Dog Days Afternoons
by
Toshiro Mifune was his country’s most internationally famous movie star as much as Akira Kurosawa was its director. To honor what would have been the late actor’s ninety-sixth birthday this April Fools’ Day, Japan Society’s “Monthly Classics” offered in 35mm the 1949 Stray Dog/Nora Inu, that director’s first notable work and an early, pre-samurai pre-Shakespeare vehicle for both him and the actor.
Not finding U.S. distribution for nearly a decade and a half and denigrated by its maker as so technical as to be devoid of any “real thought,” the two-hour-two-minute b&w is a police procedural with a different story line and a feel for Tokyo’s post-war deprivation and dog-eat-dog milieu. Legend has it based on an unpublished work by an ex-detective which impressed Kurosawa to write his own unpublished Georges Simenon-influenced novel which in turn became an in effect adapted co-authored screenplay. (Co-writer Ryuzo Kikushima later fell out with the director, as did Mifune.)

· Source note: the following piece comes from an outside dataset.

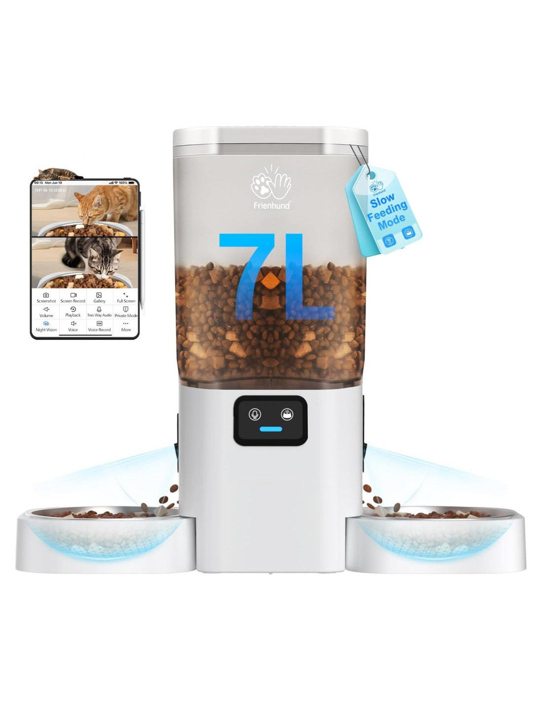 - Amantes de las Mascotas: Frienhund ofrece una garantía gratuita de un año y servicio en línea 24/7 para nuestros comederos automáticos para 2 gatos. El comedero automático para gatos está diseñado para todos los amantes de las mascotas como yo, si tienes algún problema, puedes contactarnos por pedido, correo electrónico o teléfono. Resolveremos tu problema hasta que esté solucionado.

Not yet thirty, with matinée idol looks in an innocent face, Mifune is Police Detective Murakami, whose greenness is good-naturedly corrected by everyone else on the force. Indeed, action is set in motion just seconds in, when his .25 caliber Colt automatic is stolen on a packed bus during the summer heat that pervades the film up to the final downpour.
He chases but loses the pickpocket and immediately tenders his resignation in despair and shame. Cooler, experienced heads temper such rashness and prevail upon him to stay on but to consult the Evidence Section’s card catalogue drawers of photos.

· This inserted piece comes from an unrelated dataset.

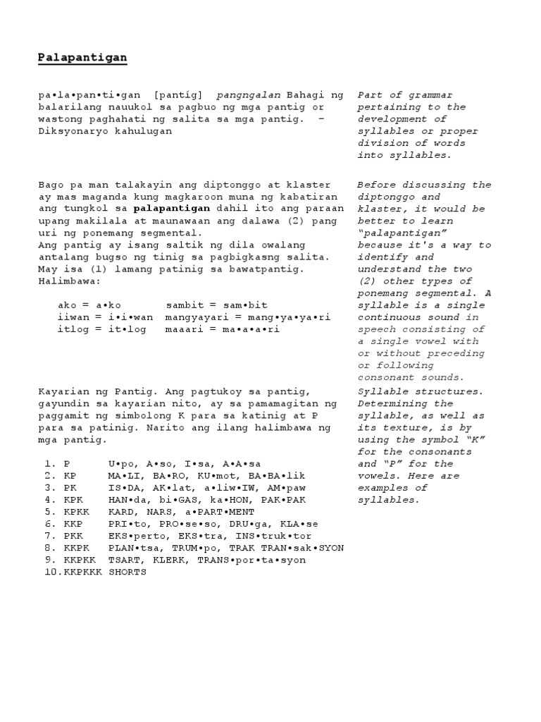 Ang ew ow at uw ay mga diptonggo subalit walang salita sa Filipino na may tunog na ganito. DOC Pantigdocx Grezel Caspe - Academiaedu. PAK GANERN Ang salitang Pak ay nagsimula sa salitang palo lumagapak at tumpak.

With the doggedness and abandon of youth, he pursues the woman whose headshot confirmed her as the one standing beside him on the bus and who, outmaneuvered and worn down by his persistence, refers him to the club Bawda, where a woman of low repute is arrested but at first refuses to cooperate. Using three-and-a-half decades’ worth of beat experience, family man and Section Chief Detective Sato (Takashi Shimura) is more realistic and with cigarettes for added measure worms out names and places.
Disguised as another down-and-outer, an ordinary demobbed soldier, the young detective roams the slums of the capital looking for fences who specialize in stolen weapons. (Filmed in real, potentially dangerous yakuza turf, these scenes mostly show only the pretended soldier’s lower body, which was actually that of chief assistant director Ishiro Honda.)

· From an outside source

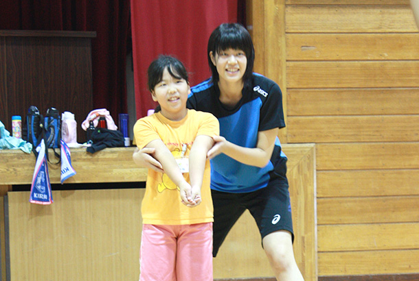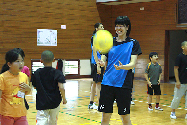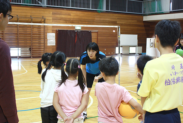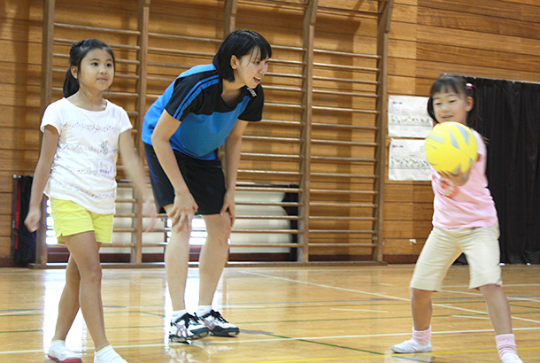 今回のバレーボール教室では、バレーボールをほとんどしたことのない小学生達とバレーボールに触れて、楽しむことを主体にして行いました。

Going through the long actual footage of a Tokyo Giants-Hawks baseball game, a girlie club chorus routine with poor venal showgirl Harumi Namaki (Keiko Awaji), and the shanty home of the sister of troubled ex-soldier Yusa (Isao Kimura), the older and young detectives track the path of the stolen gun whose bullets have been matched by Ballistics with those used in at least one brutal robbery-murder.
As in many similar films, convolutions grow a bit much, things get confused and confusing, and viewer logic will uncover inconsistencies. There are hints of social consciousness, as in Harumi’s pathetic wishes for the simplest of finery and an escape from poverty and in Murakami’s strained empathy for a culprit whose knapsack was also stolen and who winds up done in alongside him on a hillside. But such are really asides from the main thread, whose resolution depends on the thunderstorm that ends the terrible heat wave and spatters telltale mud on trouser legs.
Like the hero’s white linen suit and newsboy cap, these side touches garnish the trail of the pistol that leads to a lost indigent boy’s affection for a penniless girl. Brought to a conclusion, its lesson enunciated by Sako, the case serves as Murakami’s coming-of-age as a cop.
Over the years, this competent but routine if visually effective detective flick has frequently been styled an early gem. But that verdict is really a backwards judgement in hindsight, reading into it the bona fide masterworks that were to come.